News / Asia

South Korean Opposition Raises New Objections to US Trade Pact

South Korean protesters hold candles during a rally against a Free Trade Agreement (FTA) between South Korea and the United States in Seoul, South Korea, Nov. 5, 2011.
South Korean protesters hold candles during a rally against a Free Trade Agreement (FTA) between South Korea and the United States in Seoul, South Korea, Nov. 5, 2011.

South Korea's governing party says it intends to have the National Assembly quickly ratify a critical trade agreement with the United States. But that could lead to rival lawmakers again coming to blows - something that takes place from time to time in South Korea.   

New objections raised by opposition politicians have been thwarting the South Korean government's desire to finally ratify a major trade pact signed with the United States nearly four-and-half years ago.

Electoral background

Some politicians are hoping last-minute negotiations prevent what could turn into a physical clash between lawmakers.

The Grand National Party has enough votes in the National Assembly to push through ratification, even if all assembly members from opposition parties object. But, with legislative and presidential elections on the horizon for next year, the governing party wants to avoid strong-arm measures that could further erode its public support.

Although the South Korean political opposition, led by the Democratic Party, supported the trade deal when it was in power under the previous administration, in 2007, it is upset with modifications negotiated with Washington last year. Opponents also say the changes unfairly benefit American automakers and will harm South Korean farmers and industries.

Mayor's objections

Among those objecting to the South Korea-U.S. Free Trade Agreement, in its present form, is Seoul's new mayor, Park Won-soon.  He is an independent who was elected two weeks ago with the unified support of liberal opposition parties.

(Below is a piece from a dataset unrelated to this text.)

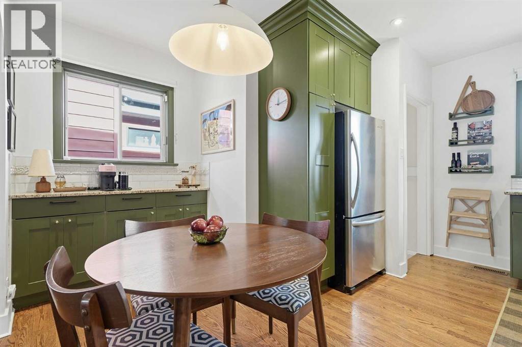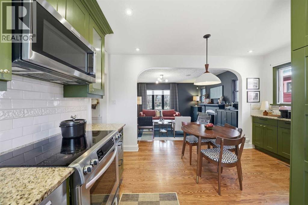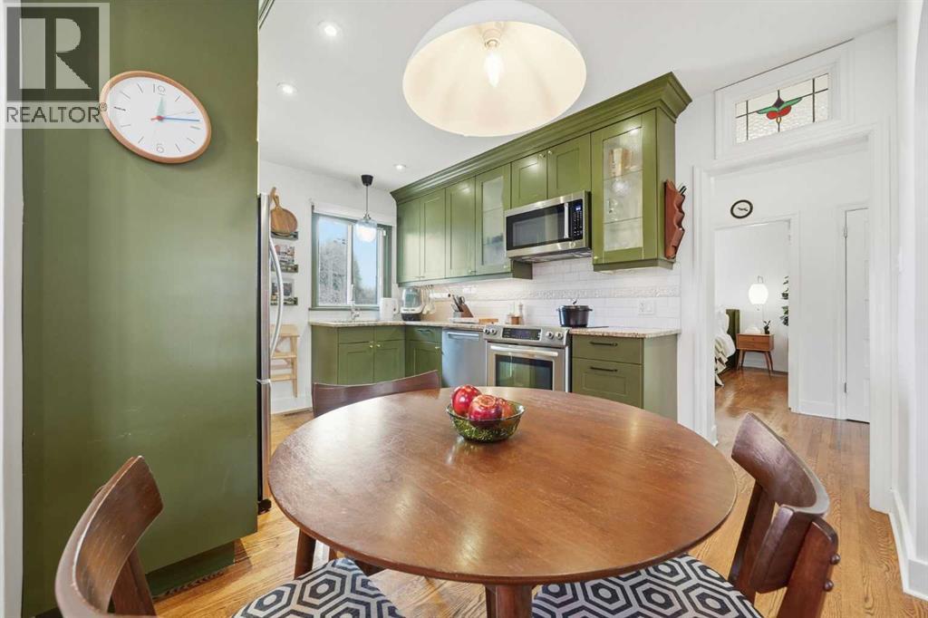 Modern luxury meets old world charm in this beautifully re-done 1949 character home. Situated on a LARGE 40’ x 119’ LOT, this UPPER MOUNT ROYAL BUNGALOW is perfectly located in the heart of inner-city Calgary. OWNER OCCUPIED and lovingly cherished, this home has been tastefully updated over the years. Many of the ORIGINAL CHARACTER FEATURES remain, making this a charming space full of history. The smartly laid out floor plan includes a total of 902 square feet above grade and a FULLY DEVELOPED BASEMENT, including 3 BEDROOMS AND 2 FULL BATHROOMS. Perfect for a professional couple or small family! Upon entering, you'll find original oak hardwood flooring, professionally refinished in a dark wood tone, a light and bright living and dining area upgraded with colour drenched walls and modern lighting. The kitchen has been transformed to modern standards with beautiful shaker cabinetry, granite countertops, and a stainless steel appliance package including a new dishwasher. Proceed through classic arched doorways to the bathroom, updated with a marble countertop and refinished wood vanity, plus dual sinks. Completing the main floor are two generously sized bedrooms. The basement, completed in 2013 with permits, features a large recreation space - full of light from four windows. There is a third bedroom and a full bathroom - a great guest space. Heading outside into the landscaped yard, you'll find a large lawn, perfect for the kids or pets to play. Completing the yard is the sturdy storage shed, single garage, plus a two car parking pad - plenty of off-street parking for visitors! Upgrades include: newer roof approximately 2018, furnace 2021, hot water tank 2021, A/C 2021, dryer 2025, Hunter Douglas blinds 2021, and interior paint. With a park and library right across the street, easy access into the heart of downtown via 14th street, and situated in the William Reid School catchment zone - this is an excellent purchase at only $699,900! Tired of builder basic homes? Own a piece of history in this adorable, craftsman-made, classic bungalow! (id:58070)

Although it is rare for a metropolitan mayor to take a stance on matters of national policy, Park says the trade pact needs to be reviewed to determine all implications it will have on citizens and small businesses in the capital city of 10 million people.

For example, Park contends the agreement with the United States will override city regulations meant to protect neighborhood shops from an influx of competition from supermarkets and other big stores.

Some opposition lawmakers are demanding South Korean President Lee Myung-bak meet with U.S. President Barack Obama to remove a dispute resolution clause.

Investor-state dispute clause

The investor-state dispute clause allows lawsuits against governments to be settled by an international arbitration panel.

It is standard in many FTAs, but it has sparked a strong backlash here in recent days.

Supporters of the pact, say false information is being spread through social media about the clause.  For example various online messages being widely relayed claim the agreement will lead to an epidemic of mad cow disease, wipe out rice farming, flood the streets with guns and privatize medical services.

The U.S. Congress ratified the agreement last month and President Obama has signed it into law.

South Korea's government had hoped to have legislative ratification by now so the act could take effect by January First. But opposition lawmakers have occupied a committee room to thwart the deal from being sent to the full assembly.

Industry groups favoring the pact say it is expected to boost two-way trade by more than $15 billion, annually.